Bovendien bieden de twee nieuwe onderzoeken intrigerende nieuwe verklaringen waarom geslacht en oogkleur het risico op SAD kunnen beïnvloeden.

De bevindingen van het team werden gepresenteerd op de jaarlijkse conferentie van de British Psychological Society in Nottingham, Verenigd Koninkrijk, door Lance Workman, een professor aan de University of South Wales, ook in het Verenigd Koninkrijk.

Waarom ‘blauwe ogen houden de blues weg’

De eerste studie die werd gepresenteerd door prof.Workman - toepasselijk getiteld 'Blauwe ogen houden de blues weg: de relatie tussen SAD, laterale emoties en oogkleur' ​​- ondervroeg 175 studenten van de University of South Wales en de Girne American University in North Cyprus.

Uit de resultaten van de vragenlijsten bleek dat deelnemers met bruine ogen significant meer kans hadden op stemmingswisselingen dan deelnemers met blauwe ogen.

Prof. Workman heeft hiervoor een interessante verklaring. Hij zegt: "We weten dat licht dat de hersenen binnendringt, een verlaging van het melatoninegehalte veroorzaakt."

"Omdat blauwe ogen meer licht in de hersenen laten komen, kan het zijn dat dit leidt tot een grotere vermindering van melatonine gedurende de dag en daarom zijn mensen met lichtere ogen minder vatbaar voor SAD."

Prof. Lance Workman

"Personen met blauwe ogen lijken een zekere mate van veerkracht te hebben tegen SAD", leggen de auteurs uit.
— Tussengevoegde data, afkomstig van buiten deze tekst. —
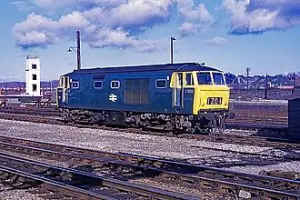 When first built, the Hymeks were given a more elaborate livery than many of the contemporary British Railways diesel classes. The main body of the locomotive was the standard dark Brunswick green, but with a lime green stripe along the bottom of the bodywork. The roof was medium grey, and the finishing touch was to paint the window surrounds in ivory white. In the early 1960s, yellow warning panels were added to the lower part of the front ends, in accordance with BR's then-new policy. With the advent of the Corporate Identity scheme in 1965[13] some locomotives received all-over BR Rail Blue with small yellow warning panels. This was quickly changed by the return of off-white window surrounds. The final variation was BR blue with full yellow ends, the yellow being extended around the cab side windows.

"Dit", voegen ze eraan toe, "kan worden opgevat als suggestief dat de blauwe-oogmutatie werd geselecteerd als een beschermende factor van SAD, aangezien subpopulaties van mensen naar de noordelijke breedtegraden migreerden."

Mensen met SAD gebruiken hun rechter hersenhelft

Het team vroeg de deelnemers met SAD ook om deel te nemen aan een aanvullende test waarin werd onderzocht hoe hun twee hersenhelften reageerden wanneer ze probeerden verschillende emotionele uitdrukkingen op de gezichten van andere mensen te herkennen.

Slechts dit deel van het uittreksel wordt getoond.